Just like 'McCain's idea' of buying up bad mortgages and re-negotiating new values/payments ... Hillary proposed it months ago.
Oh and davidw is right, politics as usual.
I'm not sure I approve of the whole idea, but I have to admit it would have good consequences if it were implemented correctly. However, if I could be so bold as to propose Hugh's First Law of Politics, it would be this:
The unintended consequences of any policy change are almost always more significant than the intended consequences.
And this is almost always doubly so if you're either (a) deploying the military or (b) creating a huge new tax loophole.
I foresee two problems. The first is under-defining startups. As others have pointed out by now, it's not that difficult for some rich guy to start a "startup company" in order to handle all his capital-gains producing affairs. Wanna buy an investment property? Better start a company to hold it, so that you can sell it without capital gains tax. Pretty soon you'd have a huge collection of "fake" startups which would probably swamp the real ones.
The second possibility is over-defining startups. In order to overcome the problem of fake startups, you define that a "real" startup must have properties X, Y and Z. But some day somebody might start a real startup that's so innovative in its business model that it has X and Z but not Y. Pretty soon you're actually holding back the startup scene by restricting the kinds of startups which people can produce. And at the very least, it's going to create a new administrative burden for startups, who are going to have to spend some time proving to the government that they're real startups and aren't engaging in any unstartuplike activities.
Those are the two problems I can think of, off the top of my head. There might be others which I can't think of (but which no doubt will seem obvious in hindsight).
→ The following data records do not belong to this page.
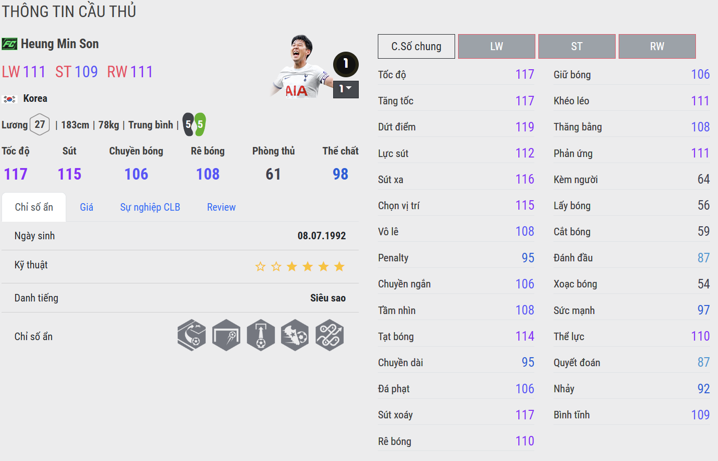 Son Heung-min là ngôi sao bóng đá hàng đầu châu Á và là một trong những cầu thủ tấn công xuất sắc nhất thế giới. Sinh năm 1992 tại Hàn Quốc, Son nổi bật với tốc độ, kỹ thuật và khả năng dứt điểm đa dạng bằng cả hai chân.
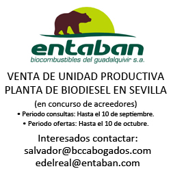 En cumplimiento del plan de liquidación aprobado por el Juzgado de lo Mercantil nº 2 de Sevilla, proc. nº 1036/2013, dentro de la primera fase de dicho plan, se ha iniciado el proceso de venta de la Unidad Productiva de BIODIESEL, en funcionamiento en la actualidad, a partir de Aceites de segunda mano y otros productos, situada en Sevilla en la Carretera del Copero s/n. Durante esta fase de venta de la unidad productiva, los interesados podrán acceder a información del estado de la Unidad Productiva y sus resultados de producción para, posteriormente, proceder a presentar una oferta de compra por la Unidad Productiva ante Notario y en sobre cerrado.
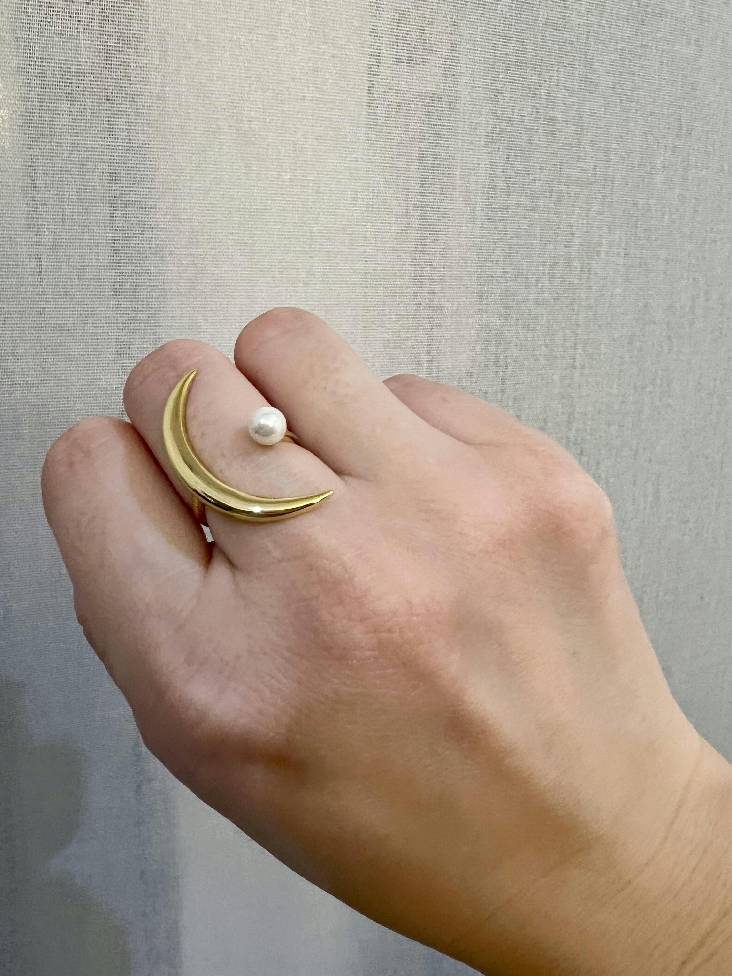 Inspired by the sparkling scene of moonlight and the stars in the summer night, the ring celebrates the minimal and timeless feature with the freshwater pearl- by Reflection
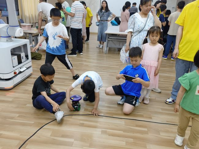 自动沿着线条行驶的小车吸引了小朋友们的注意。他们好奇地观察小车如何沿着黑色线条穿梭前行,并在志愿者的耐心解释下,了解了小车的工作原理。孩子们还尝试自己操控小车,通过亲身体验,增强了对科学原理的理解和兴趣。
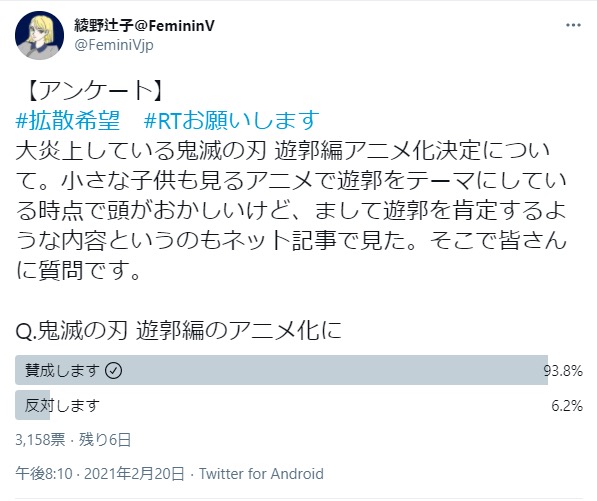 👩🏻「鬼滅遊郭アニメ中止を求めます!アンケにご協力を!原作は未読です!」
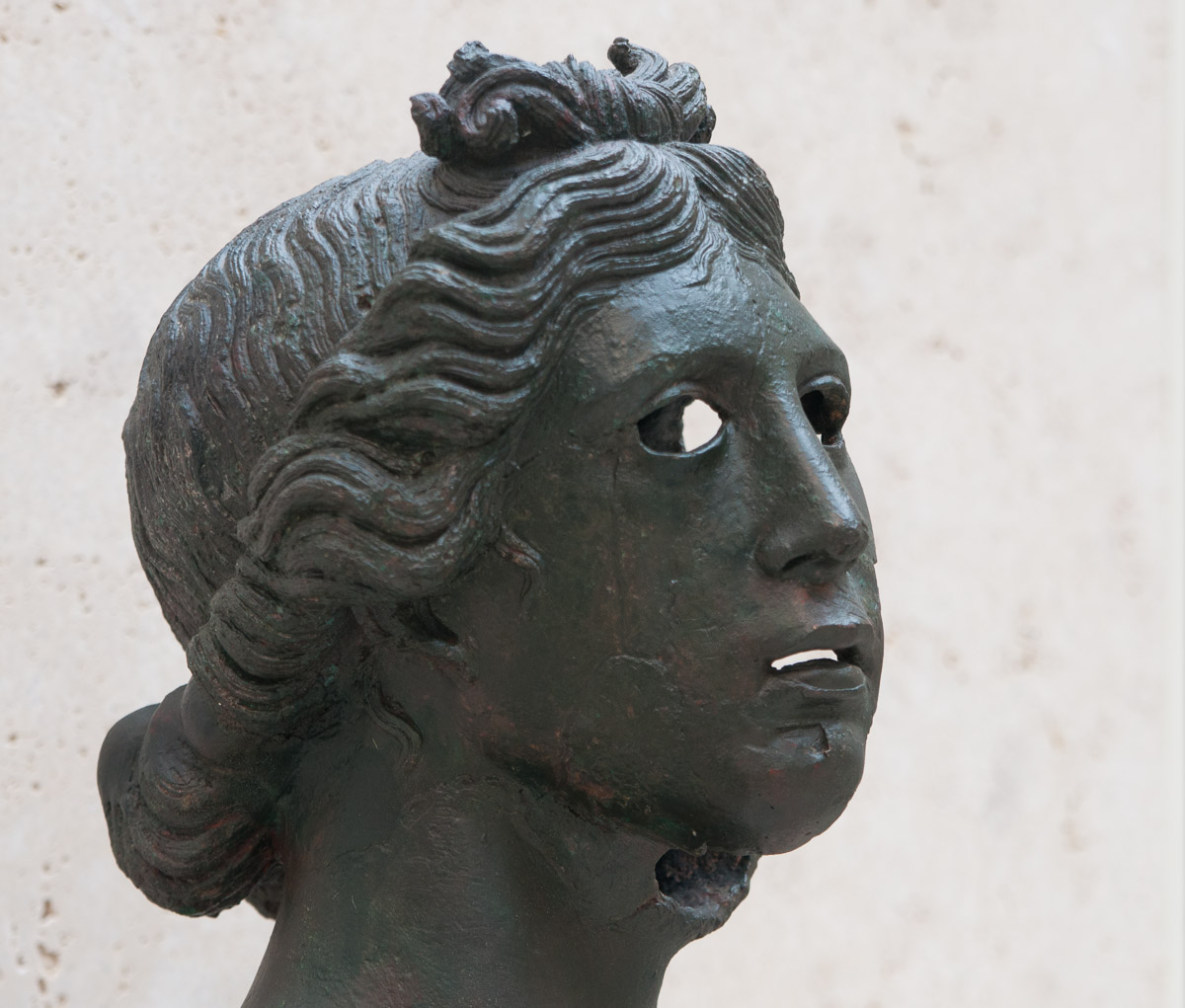 La cara de una escultura en bronce del patio de esculturas romanas
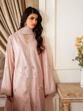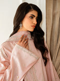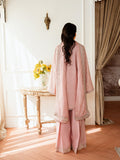 Aura — a delicate light pink Korean silk semi-formal ensemble, featuring a short shirt with a refined slit at the hem, meticulously adorned with intricate thread work, cut dana accents, lustrous pearls, and traditional baitki motifs. The design is paired with elegantly front-pleated pants, detailed with subtle hem embroidery, and complemented by a finely embroidered tissue silk dupatta. Rendered in a sophisticated setting, Aura exemplifies couture-level craftsmanship, graceful elegance
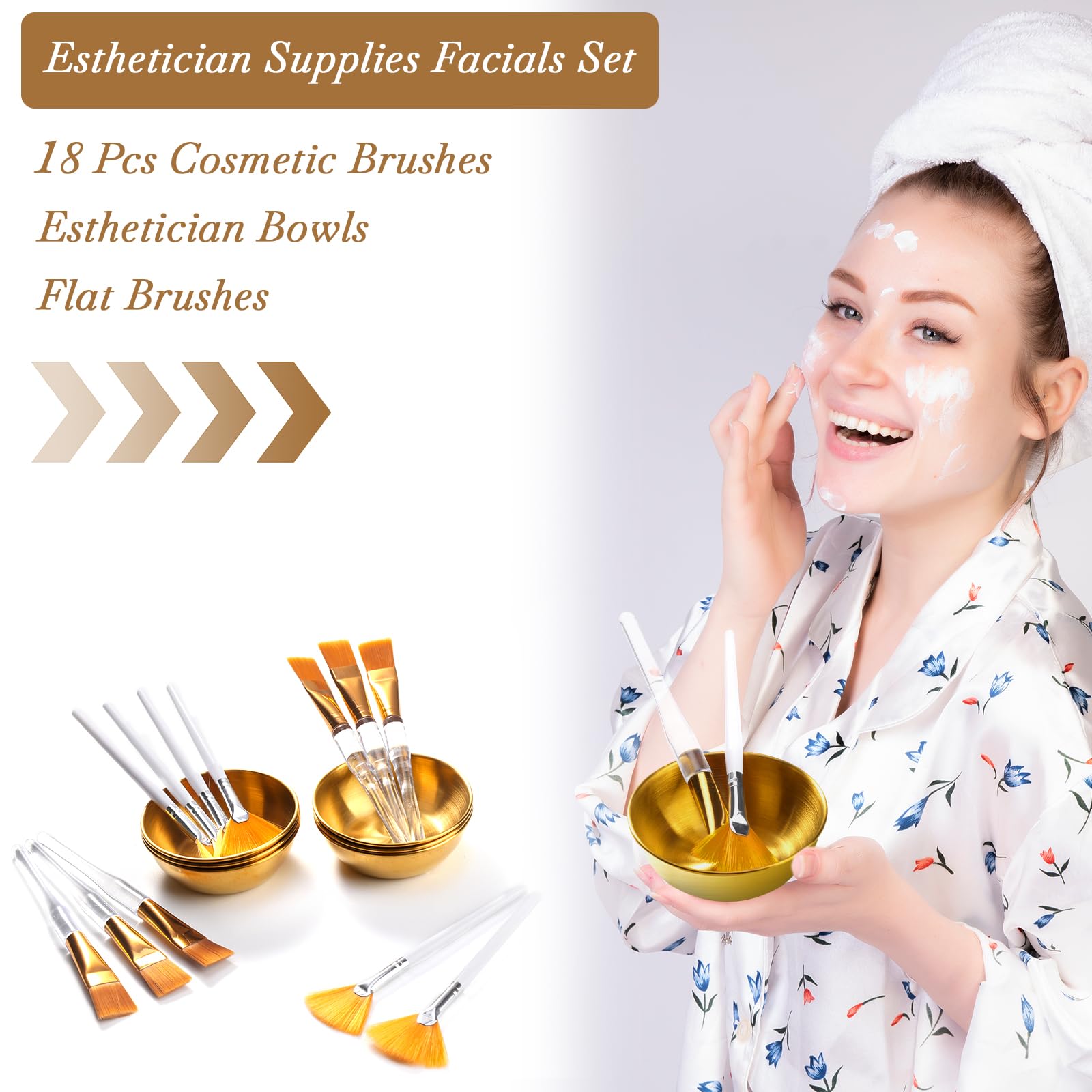 18 Pcs Esthetician Supplies for Facials Set 6 Gold Facial Bowls Esthetician 6 Facial Brushes Esthetician 6 Flat Brushes Face Mask Cosmetic Applicators for Women Facial Mask Mixing Kit Facial Tools

For both problems you cite, the worst case scenario comes down to the situation without that law, right? A startup that has X and Z but not Y, will be no worse with the new law than without it. And if the "new administrative burden" wasn't worth it, startups could ignore it and pay their taxes.
You may argue that startups that fail to get the tax discount would incur a competitive penalty. I don't think this handicap would be really insurmountable for enough startups that the loss from their failure would outweight the overall gains elsewhere.
Actually, the worst case might be that the law favors some "startup" companies over others. Already, my three person startup has higher regulatory burden, relatively speaking, when it comes to taxes and payroll processing and such, than a much larger company (who can amortize their team of accountants across tens of thousands of employees). Of course, I'm not saying that it's a showstopper, or that dealing with taxes and payroll is going to kill us or keep us from competing. But, if there were a law that defined my biggest competitor as a "startup" and my company as a non-"startup", and as a result they got free money that I don't have...it warps the competitive landscape.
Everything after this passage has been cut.